Collected material START
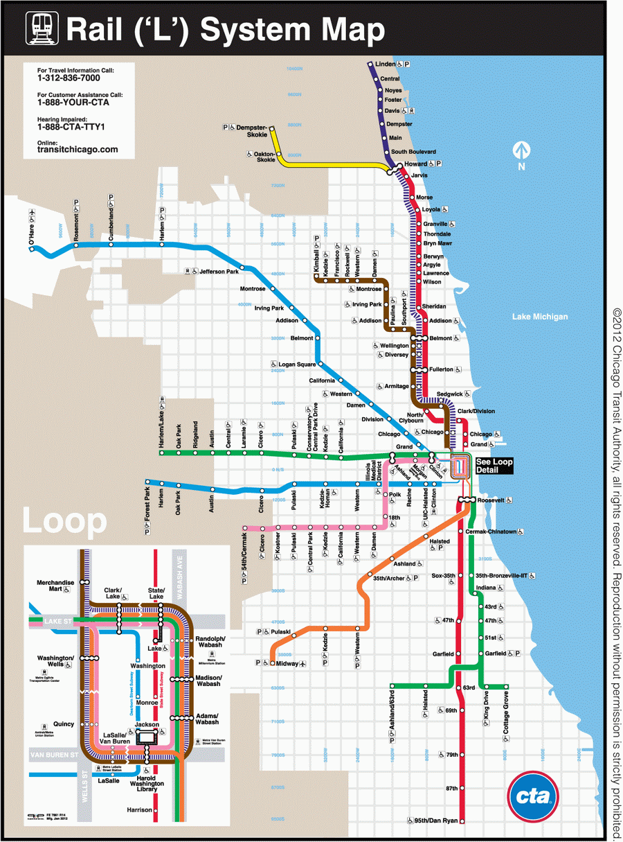 Красная и синяя линии проходят центр города в тоннелях, остальные линии (кроме желтой) следуют по кольцу (Loop), имея его конечной, то есть проходя кольцо либо по, либо против часовой стрелки (одностороннее движение) и возвращаясь на свою линию, зеленая линия идет транзитом по кольцу двусторонним движением по его северной и восточной частям.
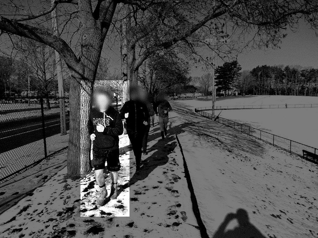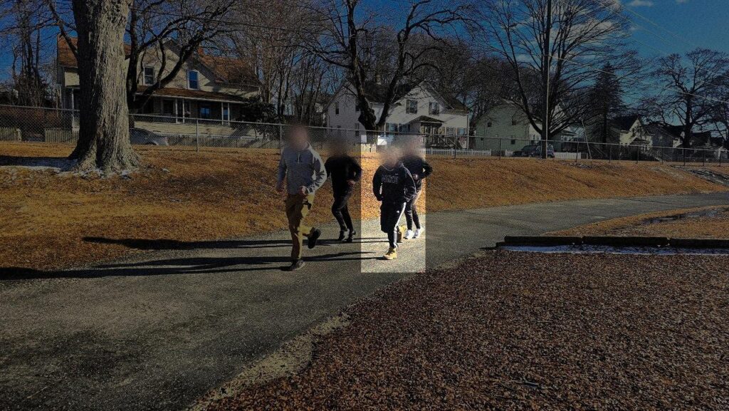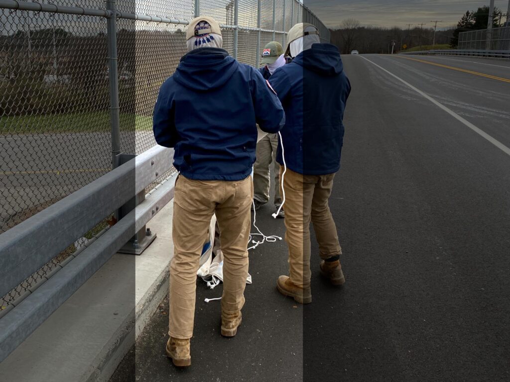 On February 1st, the Patriot Front Bitchute channel released video of a nationwide banner-drop event. The very first sequence of members traveling toward a banner-drop location is of NW7 on their way to the Arthur Fiedler Footbridge and the Mass Ave/Commonwealth Ave overpass in Boston MA. Hayden was likely an active participant at this event locally, and was recorded marching alongside Hood. [∗]
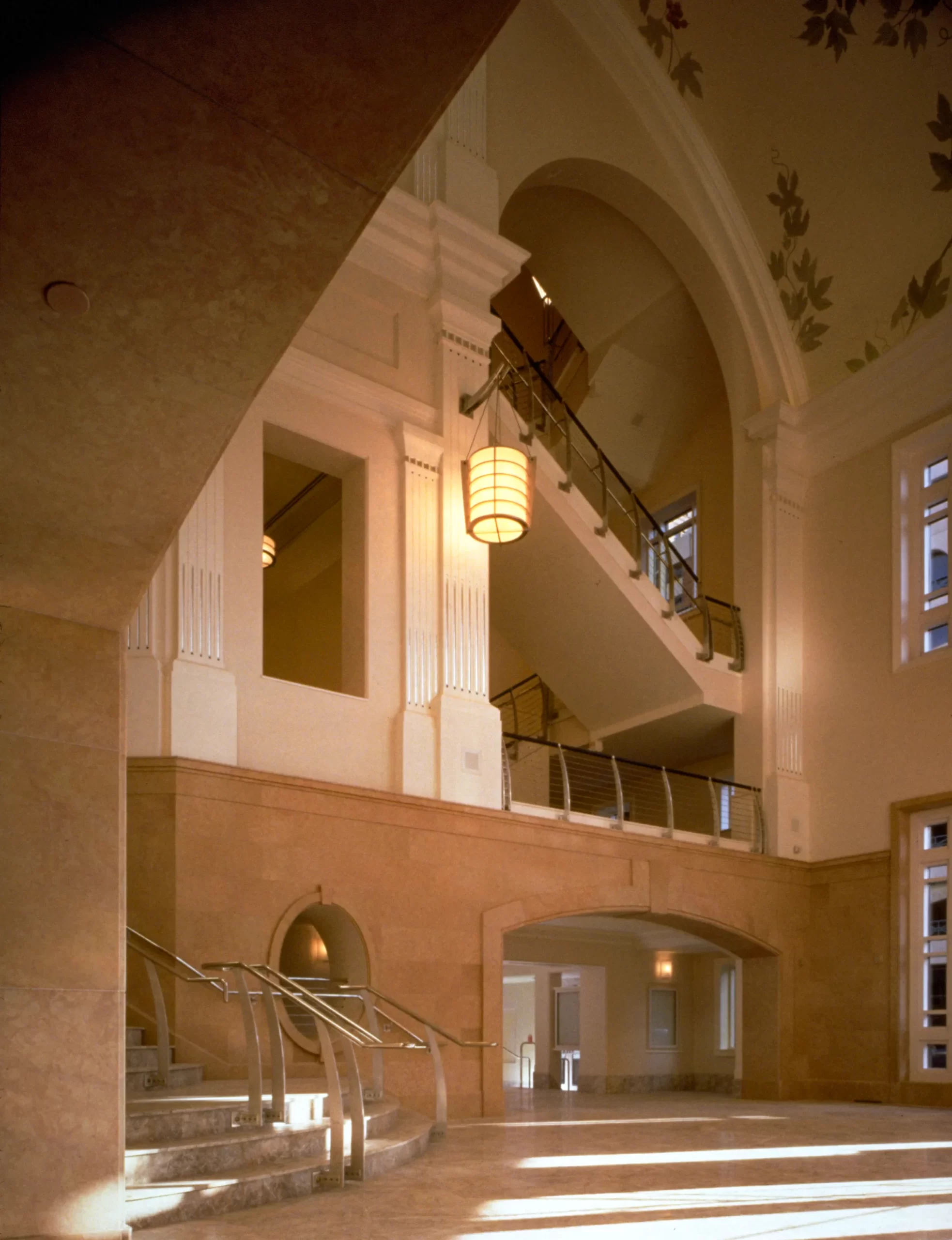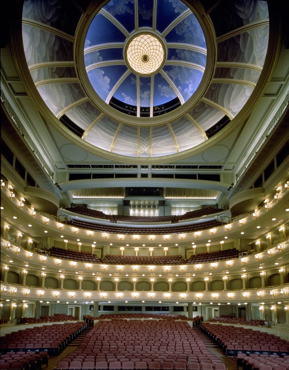 Bass Performance Hall is one of the most recognizable features of the Fort Worth downtown landscape. Home to the Fort Worth Symphony Orchestra, Texas Ballet Theater, Fort Worth Opera, and Van Cliburn International Piano Competition and Cliburn Concerts, the 10-story structure gracefully mimics the traditions of great European performance halls, while simultaneously standing out as a modern performance venue for its resident companies. The building’s grandiose design is enhanced by two 48-foot-tall sculpted angels along its exterior–each holding 16-foot long, gold-leafed trumpets–and an interior that boasts a hand-crafted dome, proscenium arch, 2,200-seat multipurpose hall, and series of fresco murals, grand staircases, and relief sculptures.
Collected material END
### How to complete this task
Type the listing above out again exactly, and omit all pictures.

### Solution to this exercise
 Красная и синяя линии проходят центр города в тоннелях, остальные линии (кроме желтой) следуют по кольцу (Loop), имея его конечной, то есть проходя кольцо либо по, либо против часовой стрелки (одностороннее движение) и возвращаясь на свою линию, зеленая линия идет транзитом по кольцу двусторонним движением по его северной и восточной частям.
 On February 1st, the Patriot Front Bitchute channel released video of a nationwide banner-drop event. The very first sequence of members traveling toward a banner-drop location is of NW7 on their way to the Arthur Fiedler Footbridge and the Mass Ave/Commonwealth Ave overpass in Boston MA. Hayden was likely an active participant at this event locally, and was recorded marching alongside Hood. [∗]
 Bass Performance Hall is one of the most recognizable features of the Fort Worth downtown landscape. Home to the Fort Worth Symphony Orchestra, Texas Ballet Theater, Fort Worth Opera, and Van Cliburn International Piano Competition and Cliburn Concerts, the 10-story structure gracefully mimics the traditions of great European performance halls, while simultaneously standing out as a modern performance venue for its resident companies. The building’s grandiose design is enhanced by two 48-foot-tall sculpted angels along its exterior–each holding 16-foot long, gold-leafed trumpets–and an interior that boasts a hand-crafted dome, proscenium arch, 2,200-seat multipurpose hall, and series of fresco murals, grand staircases, and relief sculptures.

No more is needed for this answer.